At my work we often throw around the phrase WCPGW (What Could Possibly Go Wrong) in response to ill-advised or just plain crazy ideas. It's fun, and lets off some steam, but it occurred to me recently that there's a useful kernel of truth in it. Indeed, a good sysadmin is always asking this question; when designing systems, preparing to make a change, in the heat of an emergency, and in security design and response.
When designing a system, we think about the way things hang together, and try to make it at least a little bit robust against single points of failure (for systems that need it, of course). Can we have some trivial redundancy in the system so that if a single server has a little moment, service is retained. Or, what could go wrong at a single geographical location, and how do we protect against that (geographical redundancy, BCP, or DR).
When preparing to make a routine change, we think about the ways the routine change could surprisingly go wrong, and how we will recover if it does. Having at least a vague idea of how we'd back out from any given point in the process is much better than having to completely make it up as you go along. Of course we can't think of everything in advance but there are typically higher risk points that can be identified in advance and prepared for.

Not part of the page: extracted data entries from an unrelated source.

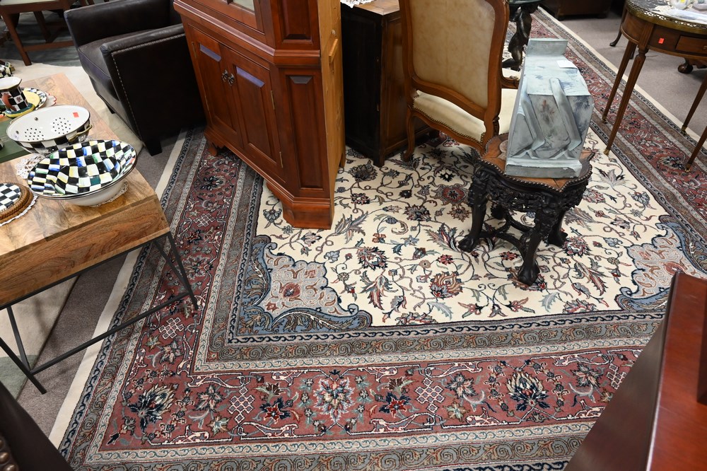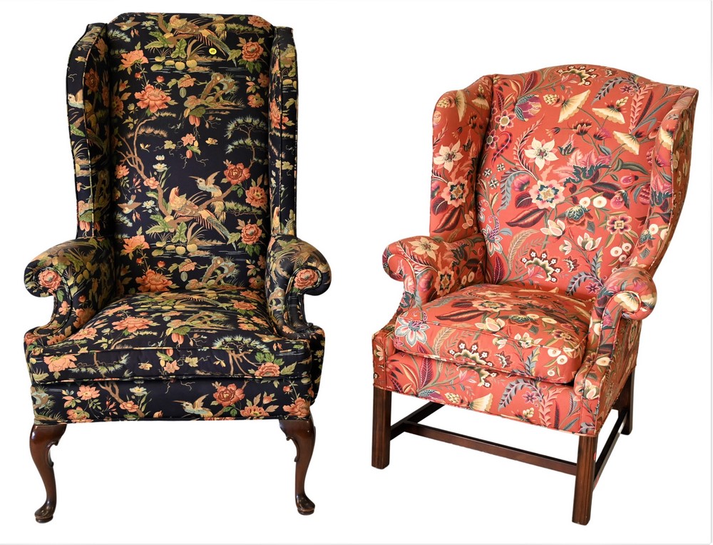 Pair of Chairs, to include Baker chippendale style upholstered wing chair, height 45 inches, width 33 inches, very clean condition; along with a Queen Anne style upholstered wing chair having Asian themed upholstery.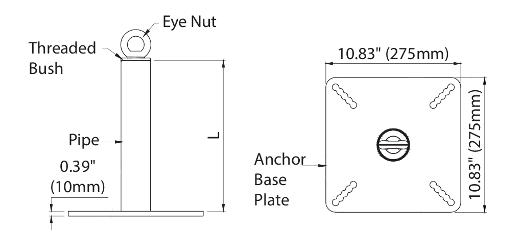 12" or 18″ End Post option for Fixed Systems with Fixed Eye Bolt (ANSI)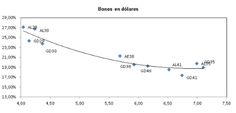 Tanto la curva de ley local como de ley internacional se encuentran con tasas por las nubes (cercanas al 27% en la ley local y del 24% en la ley NY) y con curvas seriamente invertidas en el corto plazo, lo cual advierte un escenario de estrés muy fuerte y de altísimas probabilidades de default.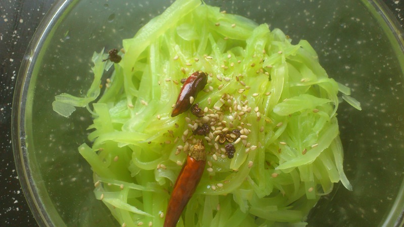 5、将油直接浇在放凉的莴笋丝上,一次放入盐、香油、鸡精、白芝麻、白醋(刚好在做芝麻盐)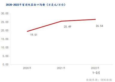 2022年一季度中國家用電器出口均價為26.54萬美元/萬台,2021年一季度家用電器出口均價為25.83萬美元/萬台。

In the middle of an emergency/outage, when we're about to take some remedial action, we think about how our action could make things worse, and decide if the risk is worth it. Sometimes we cannot possibly make it worse, which is kinda liberating, but it's not unusual to be in a make-or-break state where a wrong choice will make things infinitely worse (e.g from just having a service unavailable, to having lost all data and being unrecoverable short of restoring from backup).
And finally security, which is the canonical situation where WCPGW is the question to ask. WCPGW is that an attacker could manipulate the system and gain unwarranted access.
So, this Christmas, keep on using WCPGW as a stress relief and source of humour, but remember: this is the job of a sysadmin, to be forever considering WCPGW.
PS: This also probably partly explains why sysadmins are such a cynical bunch.